Foreign officials and employees of embassies or consulates in the U.S. ("A visa" holders), and foreign officials and employees of international organizations in the U.S. ("G visa" holders) sometimes find themselves assigned to the U.S. with their families for many years. As a result, they might develop ties to the country and wonder whether they could qualify for a green card (lawful permanent residence) in spite of their "diplomatic" status. (The U.S. government does not normally accept its own nationals or permanent residents as diplomatic agents for other governments.)
Certain A and G visa holders may, in fact, qualify for a U.S. green card (under both ordinary and special immigrant categories) if they waive (give up) their diplomatic rights, privileges, and immunities.
A and G visa holders may be eligible for a green card in any of the immigrant visa categories available to other foreign citizens, but only if they waive their diplomatic rights, privileges, and immunities.
For example, if you are an employee on the administrative staff of a foreign embassy in the U.S., you probably enjoy some immunity from criminal prosecution. However, if you would like to apply for a green card based on your marriage to a U.S. citizen, you may do so only if you agree to give up your immunity and to accept liability for U.S. taxes. You are not required to abandon your position with the foreign mission.
To waive your diplomatic rights, privileges, and immunities, you would file a Form I-508, Waiver of Rights, Privileges, Exemptions and Immunities with U.S. Citizenship and Immigration Services or USCIS at the same time as you apply for your green card.

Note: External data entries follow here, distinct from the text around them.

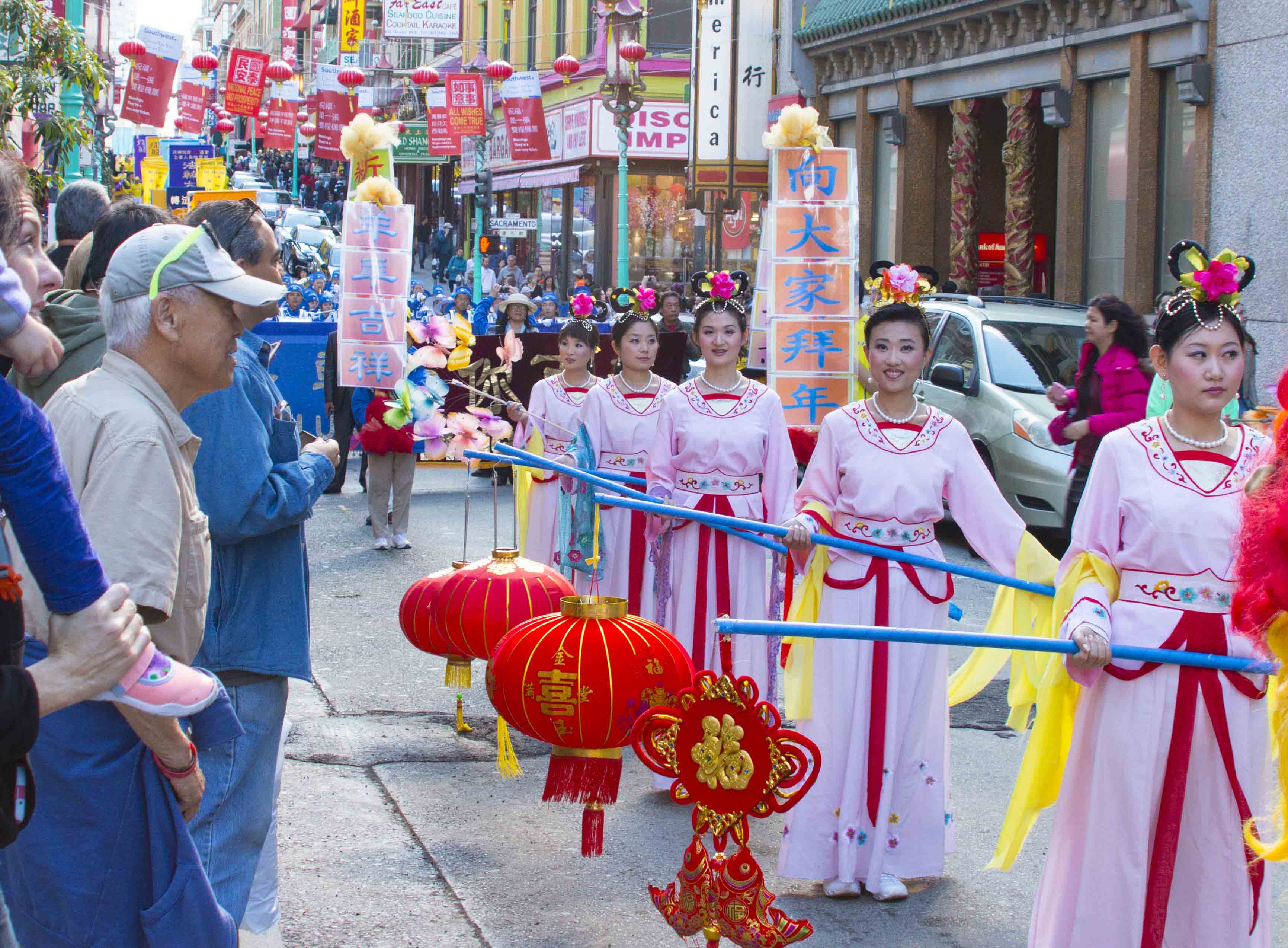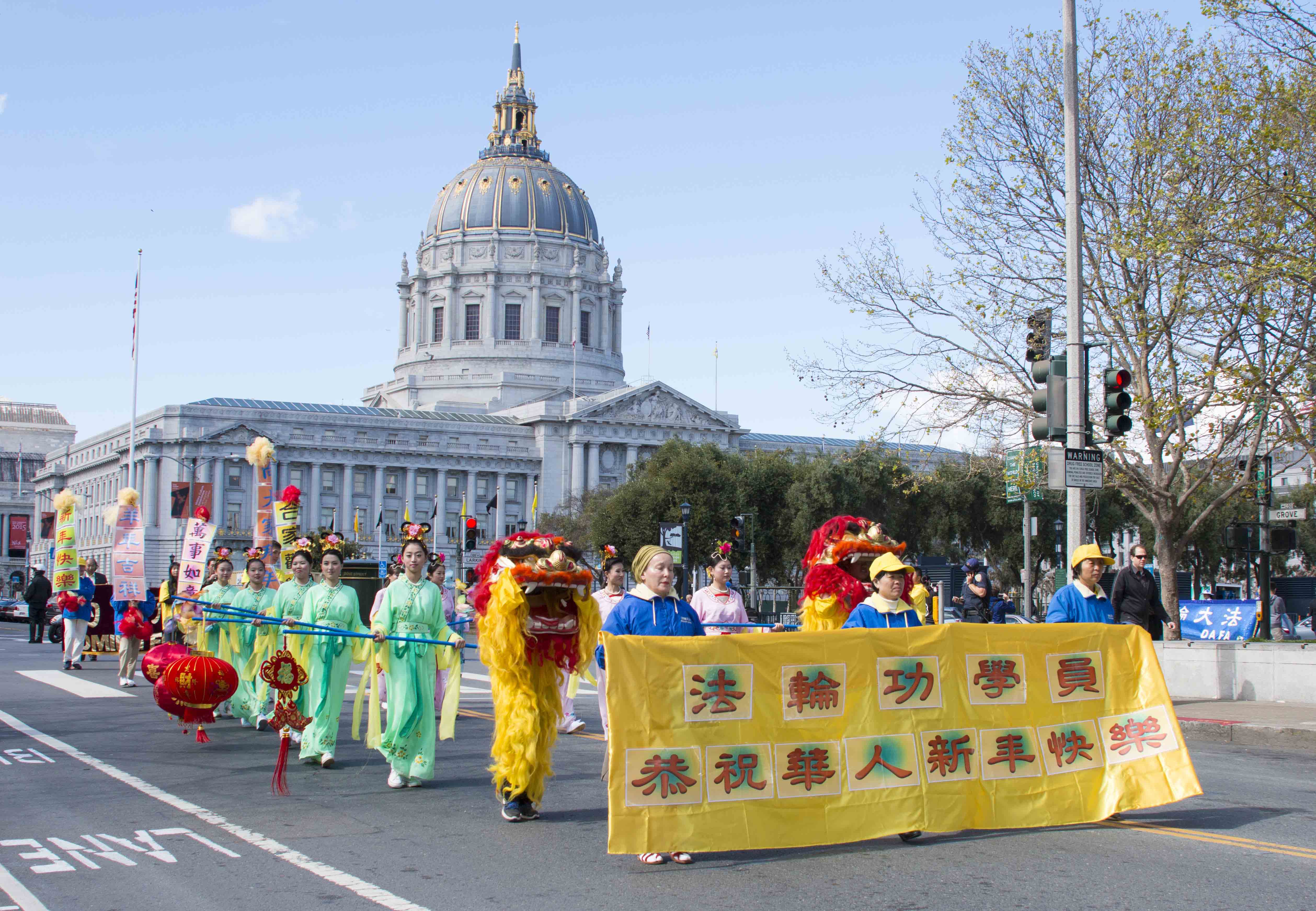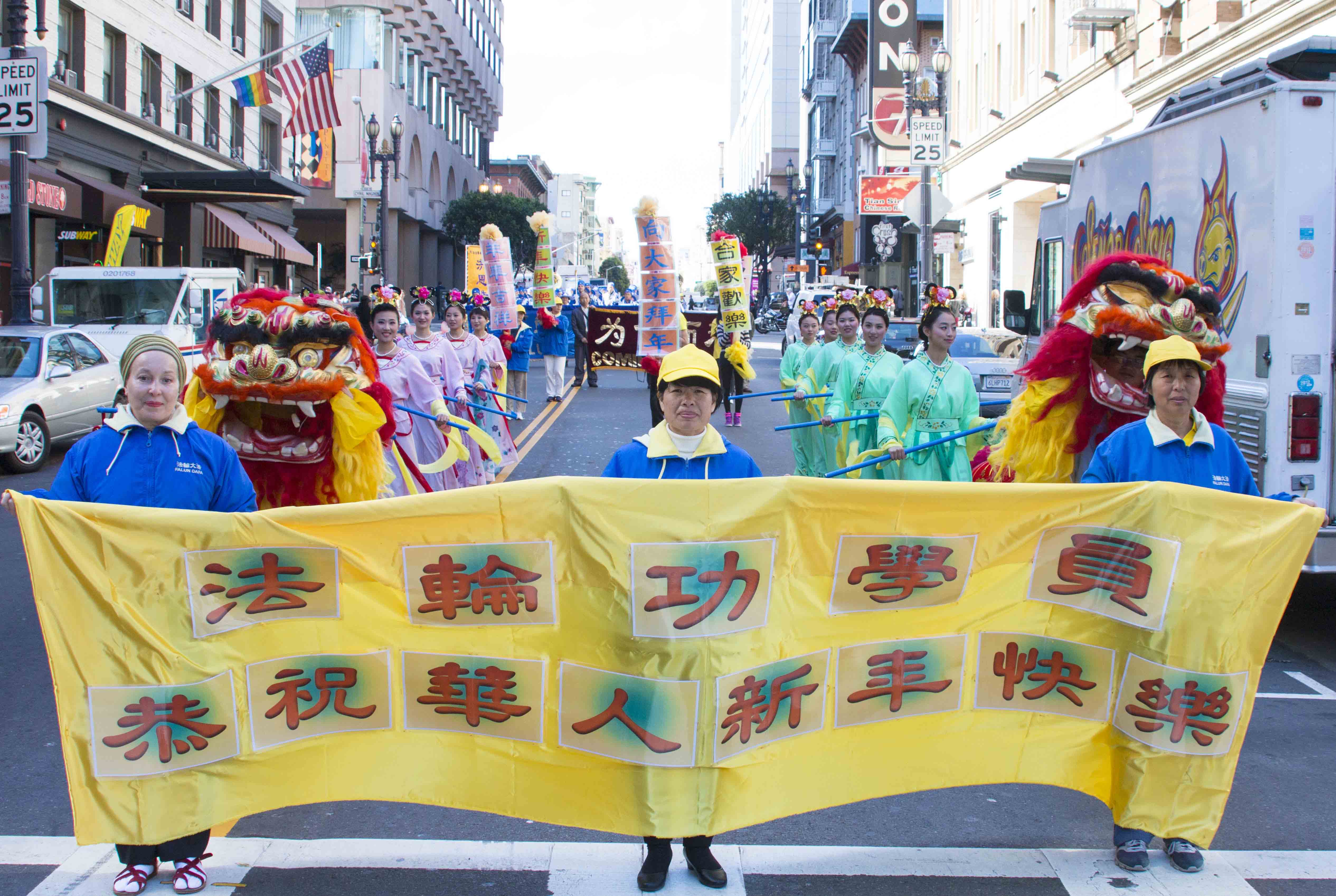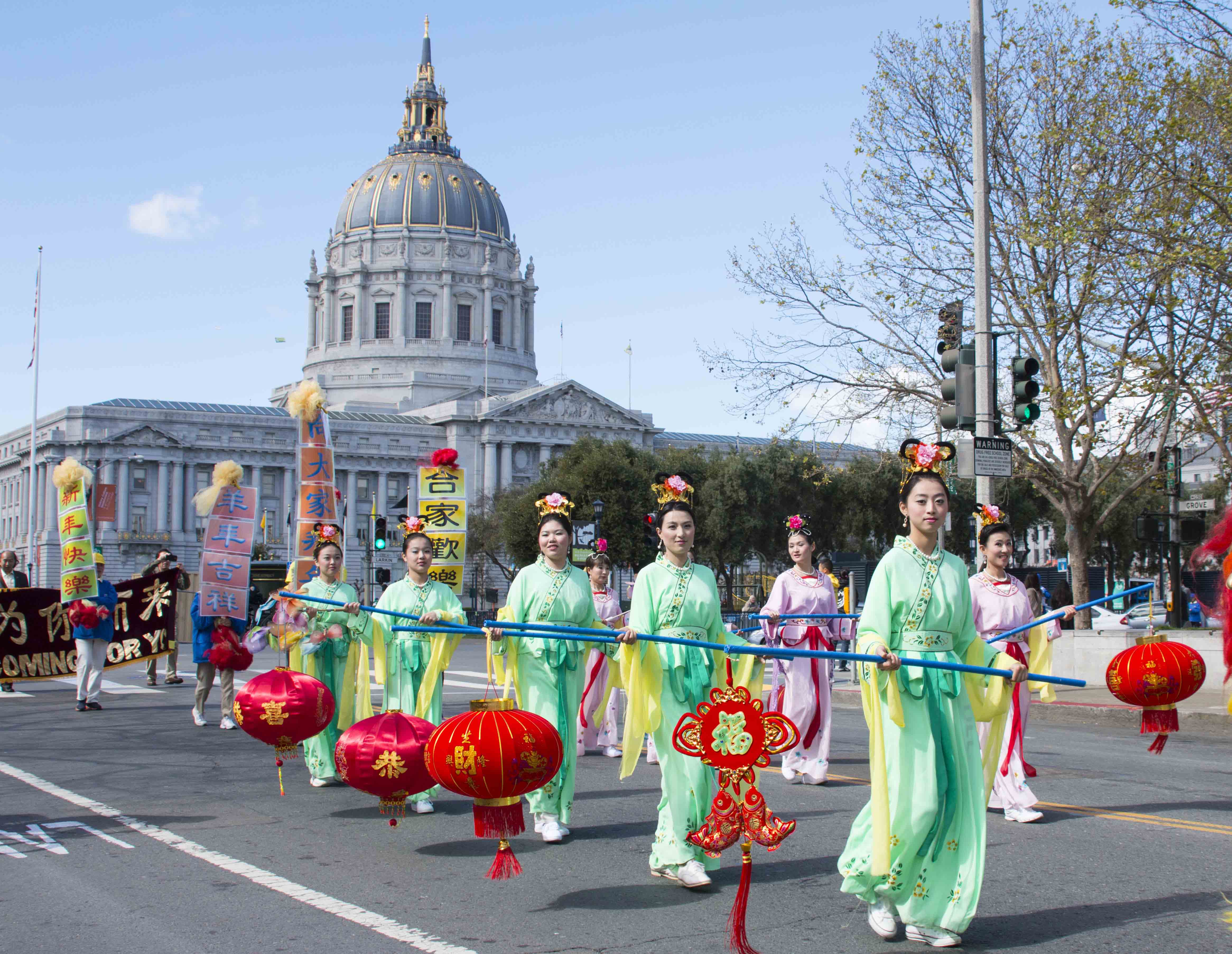 中午十二点,由旧金山法轮大法修炼者和支持者组成的游行队伍从旧金山市政府广场出发,走在最前面的是给华人拜年、身穿过年服装手提灯笼弘扬中华传统文化的仙女队和小弟子队。紧接在后的是身穿古装、阵容壮观的美西天国乐团,之后有旗队、法轮功功法展示队、花车等。最后是呼吁广大中国民众退出中共迎接美好未来的退党队。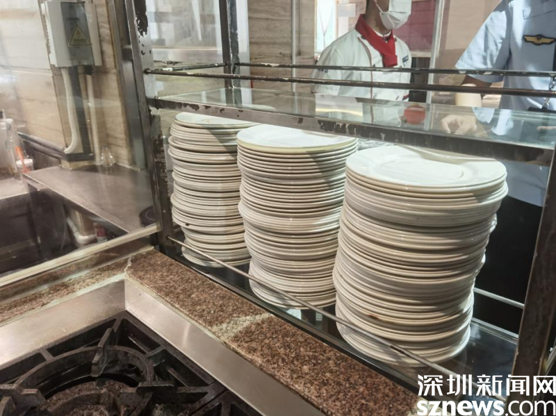 记者跟随着执法人员一同来到了餐厅二楼的后厨进行相关检查。在后厨入口处,执法人员发现该餐厅的砂锅和底碟都堆放在一起,裸露在空气中。执法人员指出,餐具应存放在保洁柜中,避免污染。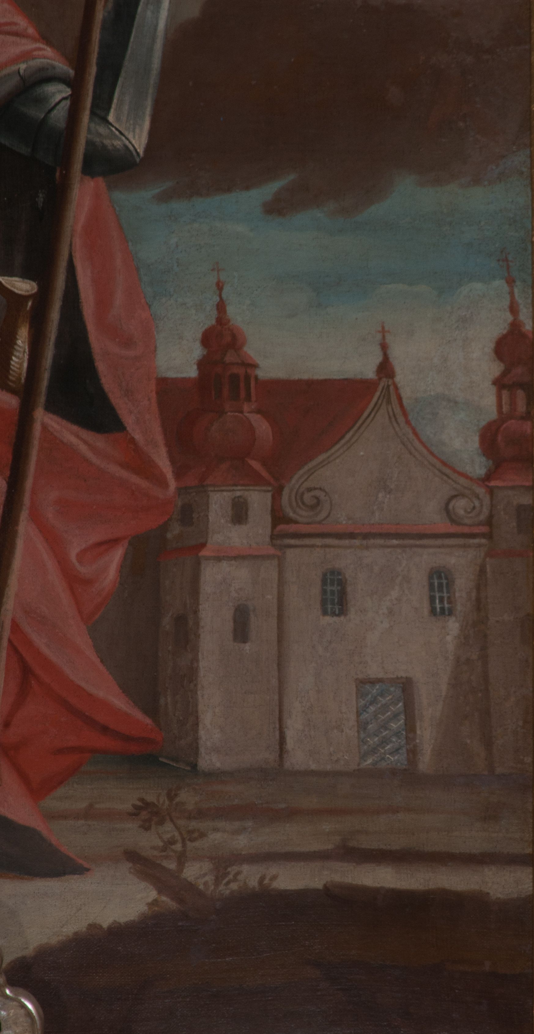 The painting of St. Florian was created for the altar finial of St. Sebastian in the 1750s. The work was painted in the workshop of the Kornecki family, probably by Piotr Kornecki himself, who was a painter and sculptor by trade. The painting of St. Florian is modelled on a work depicting the same saint from the high altar in the St. Florian's church in Cracow, painted by Jan Trycjusz in 1686.

The rest of your green card application package should include (in addition to your immigrant petition, visa, or adjustment of status application, and supporting documents) a Form I-566, Interagency Record of Request.
Foreign government representatives whose duties could be described as diplomatic or semi-diplomatic in nature (whether they were granted an A-1 or A-2 visa and assigned to an embassy or consulate, or were granted a G-1 or G-2 visa and assigned to an international organization) may also qualify for a special type of green card ("Section 13") if they failed to maintain their diplomatic status, are unable to return to their home country due to compelling reasons, are otherwise admissible to the U.S., and can demonstrate good moral character.
Family members of such persons may also qualify for this benefit as dependents.
For example, foreign ambassadors could have a credible fear of returning to their home country after a coup or due to a civil war. The Section 13 option would allow such diplomats to obtain a green card without having to go through the laborious process of requesting asylum. They would not even need to file an immigrant petition (the usual first step in applying for most types of green cards). Instead, they would file an I-485 adjustment of status form, along with other forms required in this category.
By contrast, foreign embassy employees with no formal decision-making role (or a foreign official with less compelling reasons not to return home) would be unlikely to be permitted this benefit.
Even for qualifying officials, Section 13 green cards remain extremely rare (a maximum of 50 per year) and may be granted only if it is in the national interest of the United States.
Retired officers and employees of international organizations (such as the United Nations and the World Bank) are eligible for a special type of green card if they lived in the U.S. on a G-4 or NATO-6 visa for at least 15 years (combined) before their retirement, including for at least half of the last seven years before applying for a green card. (This application must be filed on Form I-360, Petition for Amerasian, Widow(er), or Special Immigrant no later than six months after the officer or employee's retirement.)
The spouses of such international organization retirees, as well as the spouses of deceased former international organization officers or employees, may also independently qualify for a green card. In the latter case, the application must be filed no later than six months after the death of the former officer or employee.
Lastly, the unmarried sons and daughters of current or former international organization officers or employees are independently eligible for a green card if they have lived in the U.S. on a G-4 or NATO-6 visa for at least seven years (combined) between ages 5 and 21, and for at least half of the seven years before their application for the green card. (The application must be filed before they turn 25.)
Children born in the U.S. to accredited foreign diplomatic officers do not acquire U.S. citizenship at birth. Still, these children can get a green card under a special regulation, 8 C.F.R. § 101.3.
This process does not require an immigrant visa petition, but instead the I-485 adjustment of status application must be filed, along with the I-508 and I-566 as discussed above.
Various types of supporting evidence must accompany the application. Many people working in foreign embassies in the U.S. are not actually accredited foreign diplomatic officers on what the Department of State calls the "Blue List," so before you or your child file a green card application through this process, be sure to verify that the parent was definitely on this list. If the parent was not on this list, then the child is already a U.S. citizen.
These are unusual rights and remedies within U.S. immigration law, and even the government officials you deal with might not be clear on the details. Your best bet is to hire an experienced immigration attorney to analyze your situation and help you prepare the legal arguments and paperwork.